南 郁夫の野球観察日記(74) オリックス2020年度新人選手入団発表記者会見レポート!

2019年12月18日 (文/南 郁夫、写真/編集部)

今年もやってまいりました、新人選手入団発表記者会見の季節が。オリックス・バファローズはここ最近、新人がいきなり一軍でブレイクするので、見逃せないところ。目の前のバイト初日のような表情の若者が、何ヶ月後かには一軍のグラウンドで力強く羽ばたき… そんなドリームストーリーが今年も待っているかも。大阪駅からシャトルバスに乗って、会場の帝国ホテルにGO!

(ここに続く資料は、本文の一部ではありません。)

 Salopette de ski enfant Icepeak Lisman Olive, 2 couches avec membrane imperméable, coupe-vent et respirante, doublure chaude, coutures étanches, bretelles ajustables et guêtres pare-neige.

会見についての詳しく正確な内容は球団のホームページに掲載されているのでそちらに譲るとして、野球観察者の観察結果を記しておこうと思います。

すっかり広報の顔になられた「サトタツさん」からいつもの素敵な笑顔で取材パスをいただき会場に入ると、今年もファンのための観覧席も用意されており、各メディア報道陣、テレビカメラも多数。プロ野球選手として初めての晴れ舞台にふさわしい厳かで華々しい雰囲気のもと、初々しい選手たちが登場します。

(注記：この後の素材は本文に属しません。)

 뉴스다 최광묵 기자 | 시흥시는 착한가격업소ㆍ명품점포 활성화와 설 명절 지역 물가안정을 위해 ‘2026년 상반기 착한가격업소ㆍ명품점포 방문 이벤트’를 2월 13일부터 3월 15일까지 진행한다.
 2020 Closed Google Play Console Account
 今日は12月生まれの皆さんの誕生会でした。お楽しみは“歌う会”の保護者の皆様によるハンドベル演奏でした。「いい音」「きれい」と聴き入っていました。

ドラフト5名、育成8名の総勢13名が並んだ段上は、なんとも壮観。あと1名でも指名したら壇上から転がり落ちるんではないか?という大人数に、改めてびっくり。真新しいユニフォームもまぶしい若者たちの13の「希望」が会場にピカピカと降り注ぎ、それだけで「ええもん見たなあ」という気分になれます。

湊球団代表、西村監督の挨拶を神妙な顔で聞きながらだんだん場に慣れてきたのか、並んだ新人君たちがときどき隣の選手と目配せして「クスッ」と笑ったりするのが、なんだか修学旅行っぽくて可愛い。なんといっても彼らのほとんどは「まだ」高校生だったりするんですから。高校生とはいっても「いまどき」感はゼロで、おぼこいかんじ。そこはやはり球児たちですね。

イベントが進み、初めてのプロのお仕事である「代表質問への対応」が彼らを待っています。13人への質疑応答はボリューム満点でしたが、野球観察者の印象とともに彼らをざっと紹介しておくことにしましょう。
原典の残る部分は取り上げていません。